What can pharmacists contribute to delirium management?
Dr Cathrine McKenzie, Senior Pharmacist, Critical Care argues that pharmacists in all sectors need to be aware of delirium because they all have something to contribute. Moreover, a career in critical care pharmacy offers fulfilling work in a multidisciplinary team with opportunities for research.

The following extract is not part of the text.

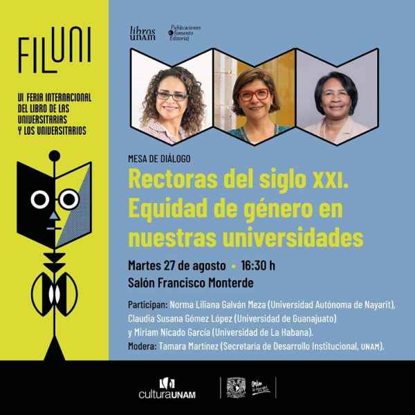 Cdmx, a 28 de agosto de 2024.- Desde la sexta edición de la Feria Internacional del Libro de las Universitarias y los Universitarios (FILUNI), organizada por la Universidad Nacional Autónoma de México (UNAM) se realizó una mesa de diálogo sobre las experiencias en las nuevas prácticas incluyentes y de equidad de género desde el eje “Rectoras del siglo XXI. Equidad de género en nuestras universidades”.
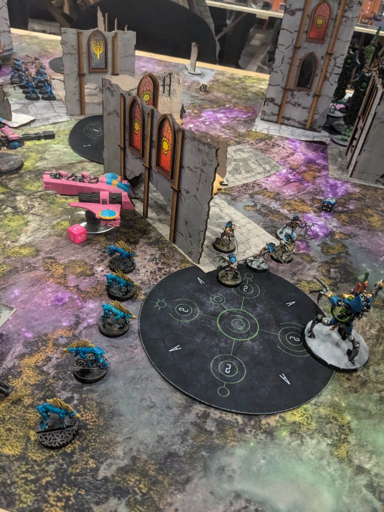 Reader, I had not screened well. Max was spooked by my SMS barrage killing 3 Warp Spiders and decided to full send. Thanks to trying to prevent both flying Warp Spiders and footslogging Howling Banshees from getting into my lines, I managed to fail at both jobs by fairly slim margins. So Lhykis tied up a Hammerhead and two Broadsides, a unit of Banshees got in and killed a Stealth team and tagged the other Hammerhead and a unit of Breachers (disembarked from a blown up Devilfish). Jain Zar and her 10 Banshees killed the Pathfinders and stood on my top left objective. I dropped the Crisis team into my castle in rapid ingress to try to fortify and push back but I was underwater in a big way.

Pharmacists in the intensive care unit (ICU) should be aware that when ventilated patients are given sedatives and opioids “there is reasonable evidence that the more sedative an opioid we give to the patient the greater the risk of delirium later – so we should be there at the bedside every day ensuring that the doses are right for that patient and they are regularly reviewed. … It’s even more complicated in ICU, of course, as many of these patients have got multiple organ failure – their kidneys don’t work, their livers don’t work properly and, of course, that’s how we metabolize and eliminate drugs. So, the pharmacist should be there understanding the drug, understanding the sedative, and understanding the antimicrobial, [as well] because very high doses of them can cause delirium”, says Dr McKenzie. They should also be questioning therapy that is of limited benefit, for example, long courses of antipsychotics.
As patients begin to recover, pharmacists should be reviewing their prescriptions and ensuring therapy that is no longer necessary is not continued long-term. “As well as all that, which is our professional role, we should also be talking to our patients, even when they’re acutely unwell. … Remember, this orientation in time and place is very important. Of course, if someone’s on a very high concentration of oxygen and they’re deeply sedated, they’re too unwell but as they’re coming round [and] as they’re being rehabilitated, I always encourage my pharmacy colleagues to introduce themselves to the patients. This stimulation is actually quite important”, she explains.
When patients return to medical wards the pharmacist’s task is again “about medicines optimisation – reducing and stopping therapies that were started in the ICU that would be deliriogenic in the longer term”, she says. Other key tasks include orientating patients in time and place and reducing their anticholinergic burden. “This might be a good time for the pharmacist to look at the patient’s long-term medicines and perhaps talk to the patient about those that are likely to have an increased anticholinergic burden in the longer term and change or optimise their therapy”.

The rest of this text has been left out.